### YOUR TASK
Your answer must be the lines from the first record through the line that contains "A convenient half", copied exactly and without any pictures.

(Collected data)
● ● ●

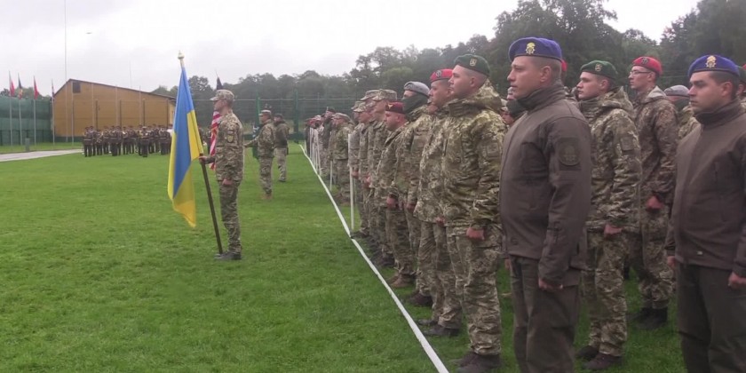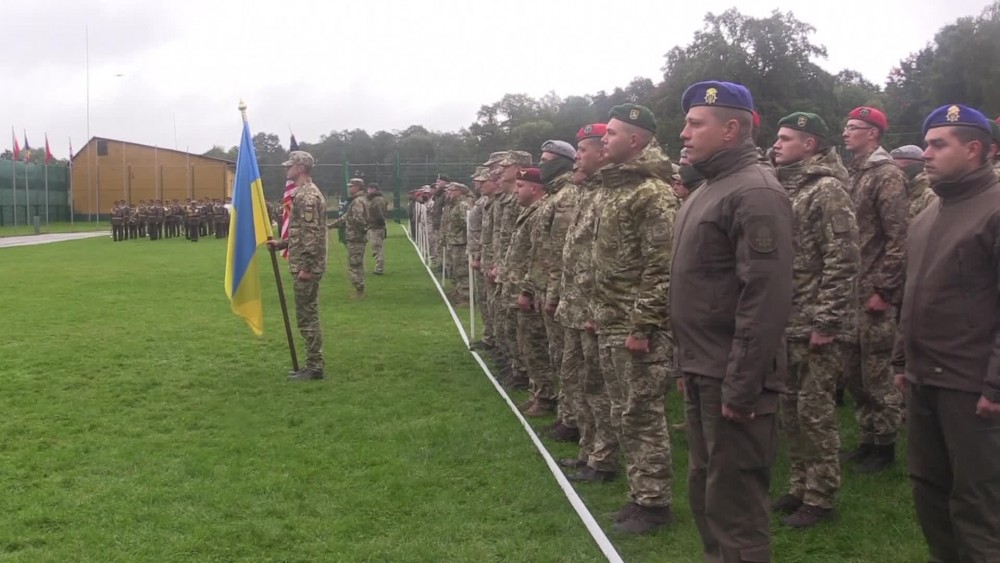 An opening ceremony for international military drills was held in western Ukraine on Monday.
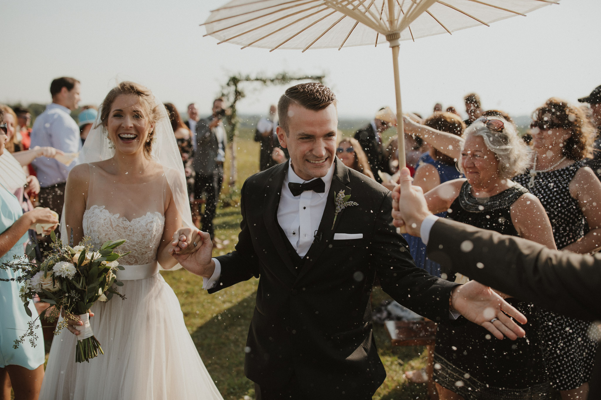 The ceremony, officiated by Rev. Kellerman, takes place at 5 p.m. on the grounds, amidst a wide expanse of open field. With enough sunlight showering down still, the handsome couple stand ready to exchange vows before a verdant vine-wrapped arbor.
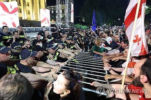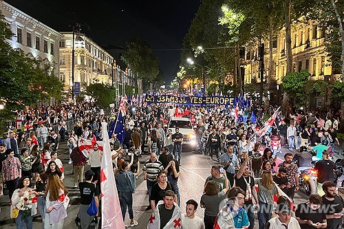 (서울=연합뉴스) 권수현 기자 = 흑해 연안국 조지아에서 여당이 러시아와 유사한 언론·비정부기구(NGO) 통제법안 처리를 강행하자 야권과 시민단체 등은 이에 반대하며 대규모 '친유럽·반러시아' 시위를 벌였다.
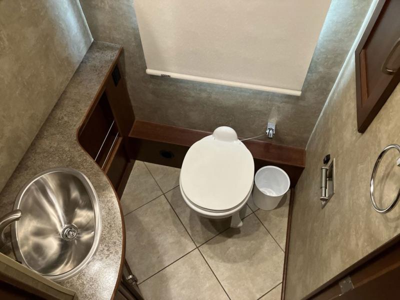 A convenient half bath with toilet and vanity with sink and storage is located across from the bunks.
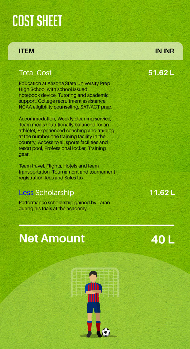 Miha Kline (Director of Recruiting) wrote to me, saying, “We were impressed by the level of your talent, your performance on the field and thoroughly enjoyed getting to know you off the field as well.” The Academy offered me “the most financial assistance” possible with a scholarship of $16,500 (INR 11.2 Lakhs) for the first year.
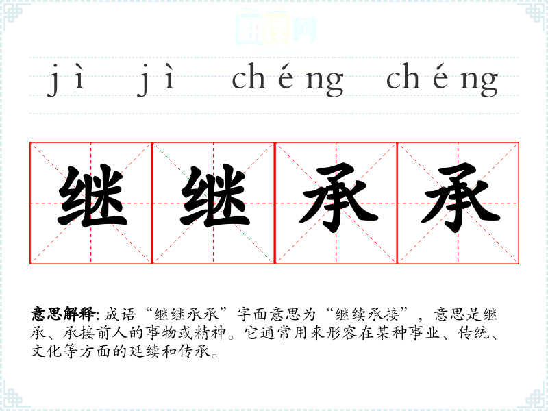 成语“继继承承”字面意思为“继续承接”,意思是继承、承接前人的事物或精神。它通常用来形容在某种事业、传统、文化等方面的延续和传承。
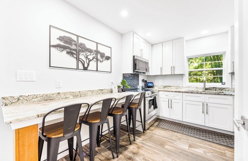 Al instalarte en este alojamiento de 2 dormitorios y 1.5 baños, encontrarás una sala de estar, un sofá cama, chimenea y aire acondicionado. La cocina está equipada con horno, placa de cocina y frigorífico, además de cafetera y tetera, microondas y utensilios de cocina. Y como podrás aprovechar la lavadora y la secadora, no te hará falta llevar mucho equipaje.
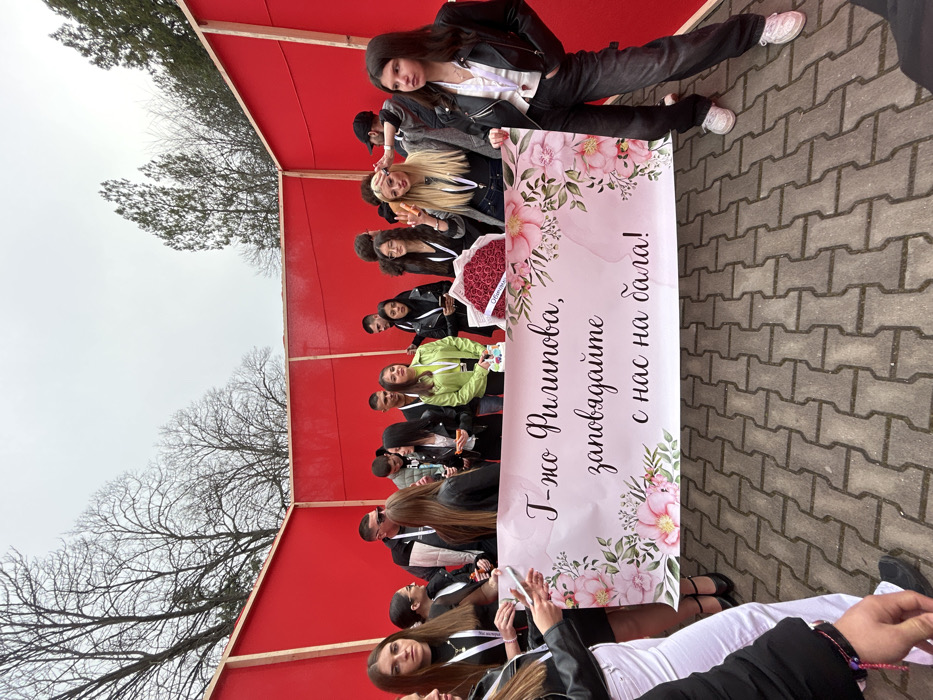 The image captures an outdoor gathering of approximately 20-25 young adults in Stara Zagora, Bulgaria, set against a backdrop of temporary red paneled walls. The ground beneath the individuals is paved with grey interlocking concrete blocks. In the foreground, a prominent horizontal banner is held by eight individuals. The banner is light-colored, adorned with a decorative floral border featuring pink blossoms and green leaves. The Bulgarian text on the banner translates to: "Ms. Filipova, welcome with us to the ball!" Among the group, several individuals wear casual modern attire, including leather jackets and white lanyards with identification badges. One person, positioned behind the banner to the right, holds a large bouquet of red roses wrapped in white paper. Another individual behind the banner holds a small, multi-colored boxed item. The background reveals deciduous trees with bare branches and some evergreens under a dull, overcast sky.
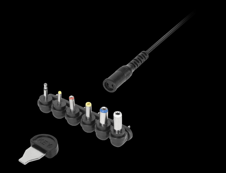 6 uniwersalnych wtyczek DC: 3,5x1,35 / 5,5x2,1 / 5,5x2,5 / 2,35x0,7 / 4,0x1,7 / 2,5 mono

● ● ●

### WRITTEN RESPONSE
 An opening ceremony for international military drills was held in western Ukraine on Monday.
 The ceremony, officiated by Rev. Kellerman, takes place at 5 p.m. on the grounds, amidst a wide expanse of open field. With enough sunlight showering down still, the handsome couple stand ready to exchange vows before a verdant vine-wrapped arbor.
 (서울=연합뉴스) 권수현 기자 = 흑해 연안국 조지아에서 여당이 러시아와 유사한 언론·비정부기구(NGO) 통제법안 처리를 강행하자 야권과 시민단체 등은 이에 반대하며 대규모 '친유럽·반러시아' 시위를 벌였다.
 A convenient half bath with toilet and vanity with sink and storage is located across from the bunks.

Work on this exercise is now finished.